* [What is being asked] Please transcribe the listing that follows exactly; images are to be excluded.

* [Input data]
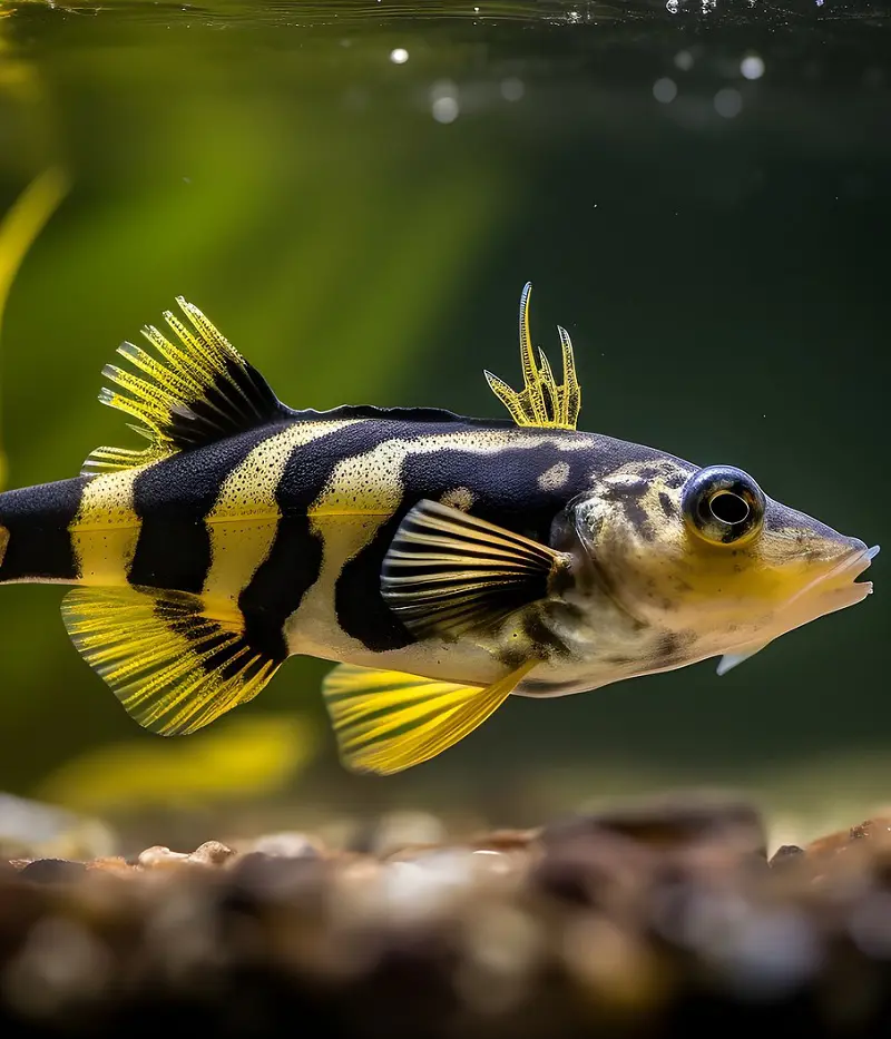Bumblebee Catfish scientifically called Pseudopimelodus Nigrita is a small species of catfish that is known for their lively coloration and appearance. They have a bright yellow or golden body with bold black lines. The coloring is like that of a bumblebee, hence giving them this name.
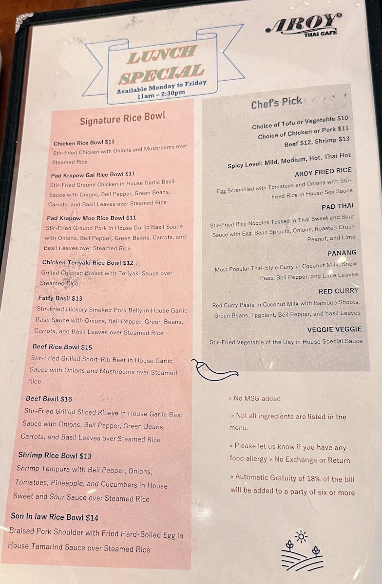 Welcome to Aroy Thai Cafe - Houston, where the vibrant flavors of Thailand come to life! Nestled at 11325 Katy Fwy, this charming eatery offers an array of delightful dishes that cater to all palates. Their lunch specials are a must-try, featuring aromatic Red Curry with coconut milk, savory Pad Thai loaded with shrimp, and a unique Son in Law Rice Bowl that will tantalize your taste buds for just $14.00.
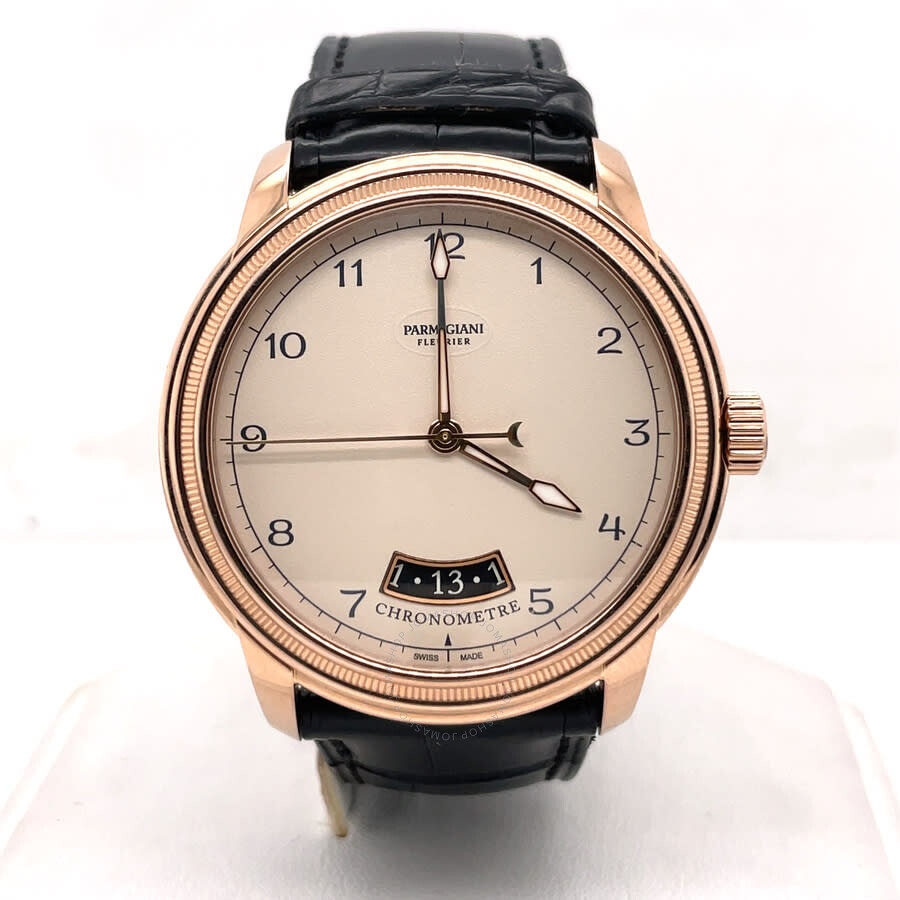 Rose gold-tone 18kt rose gold case with a black leather strap. Fixed rose gold-tone 18kt rose gold bezel. Beige dial with rose gold-tone hands and Arabic numeral hour markers. Minute markers around the outer rim. Dial Type: Analog. Luminescent hands. Date display at the 6 o'clock position. Automatic movement. Scratch resistant sapphire crystal. Pull / push crown. Transparent case back. Round case shape, case size: 40 mm, case thickness: 9 mm. Band width: 20 mm. Buckle clasp. Water resistant at 30 meters / 100 feet. Functions: date, hour, minute, second. Toric Series. Luxury watch style. Watch label: Swiss Made. Pre-owned Parmigiani Fleurier Toric Automatic Men's Watch PFC423-1602400-HA1441. GENERAL Collection Name: Toric INFORMATION Brand: Parmigiani Fleurier Series: Toric Model: PFC423-1602400-HA1441 Gender: Mens Watch Label: Swiss Made Movement: Automatic CONDITION INFORMATION Box: No Preowned Item Condition: Excellent Papers: No CASE Case Size: 40 mm Case Thickness: 9 mm Case Material: 18kt Rose Gold Case Shape: Round Case Back: Transparent DIAL Type: Analog Dial Color: Beige Crystal: Scratch Resistant Sapphire Hands: Rose Gold-tone Second Markers: Minute Markers around the outer rim Dial Markers: Arabic Numeral Luminiscence: Hands Bezel: Fixed Bezel Color: Rose Gold-tone Bezel Material: 18kt Rose Gold Crown: Pull / Push BAND Band Type: Strap Band Material: Leather Band Color: Black Band Width: 20 mm Clasp: Buckle FEATURES Water Resistance: 30 meters / 100 feet Calendar: Date display at the 6 o'clock position Functions: Date, Hour, Minute, Second Watch Features: Leather, Gold, Analog ADDITIONAL INFO Watch Style: Luxury Warranty: 1 Year Jomashop Warranty Jomashop Sku: PRE-P-PF55863 Department: Watches Category: Watches

* [Problem solution]
Bumblebee Catfish scientifically called Pseudopimelodus Nigrita is a small species of catfish that is known for their lively coloration and appearance. They have a bright yellow or golden body with bold black lines. The coloring is like that of a bumblebee, hence giving them this name.
 Welcome to Aroy Thai Cafe - Houston, where the vibrant flavors of Thailand come to life! Nestled at 11325 Katy Fwy, this charming eatery offers an array of delightful dishes that cater to all palates. Their lunch specials are a must-try, featuring aromatic Red Curry with coconut milk, savory Pad Thai loaded with shrimp, and a unique Son in Law Rice Bowl that will tantalize your taste buds for just $14.00.
 Rose gold-tone 18kt rose gold case with a black leather strap. Fixed rose gold-tone 18kt rose gold bezel. Beige dial with rose gold-tone hands and Arabic numeral hour markers. Minute markers around the outer rim. Dial Type: Analog. Luminescent hands. Date display at the 6 o'clock position. Automatic movement. Scratch resistant sapphire crystal. Pull / push crown. Transparent case back. Round case shape, case size: 40 mm, case thickness: 9 mm. Band width: 20 mm. Buckle clasp. Water resistant at 30 meters / 100 feet. Functions: date, hour, minute, second. Toric Series. Luxury watch style. Watch label: Swiss Made. Pre-owned Parmigiani Fleurier Toric Automatic Men's Watch PFC423-1602400-HA1441. GENERAL Collection Name: Toric INFORMATION Brand: Parmigiani Fleurier Series: Toric Model: PFC423-1602400-HA1441 Gender: Mens Watch Label: Swiss Made Movement: Automatic CONDITION INFORMATION Box: No Preowned Item Condition: Excellent Papers: No CASE Case Size: 40 mm Case Thickness: 9 mm Case Material: 18kt Rose Gold Case Shape: Round Case Back: Transparent DIAL Type: Analog Dial Color: Beige Crystal: Scratch Resistant Sapphire Hands: Rose Gold-tone Second Markers: Minute Markers around the outer rim Dial Markers: Arabic Numeral Luminiscence: Hands Bezel: Fixed Bezel Color: Rose Gold-tone Bezel Material: 18kt Rose Gold Crown: Pull / Push BAND Band Type: Strap Band Material: Leather Band Color: Black Band Width: 20 mm Clasp: Buckle FEATURES Water Resistance: 30 meters / 100 feet Calendar: Date display at the 6 o'clock position Functions: Date, Hour, Minute, Second Watch Features: Leather, Gold, Analog ADDITIONAL INFO Watch Style: Luxury Warranty: 1 Year Jomashop Warranty Jomashop Sku: PRE-P-PF55863 Department: Watches Category: Watches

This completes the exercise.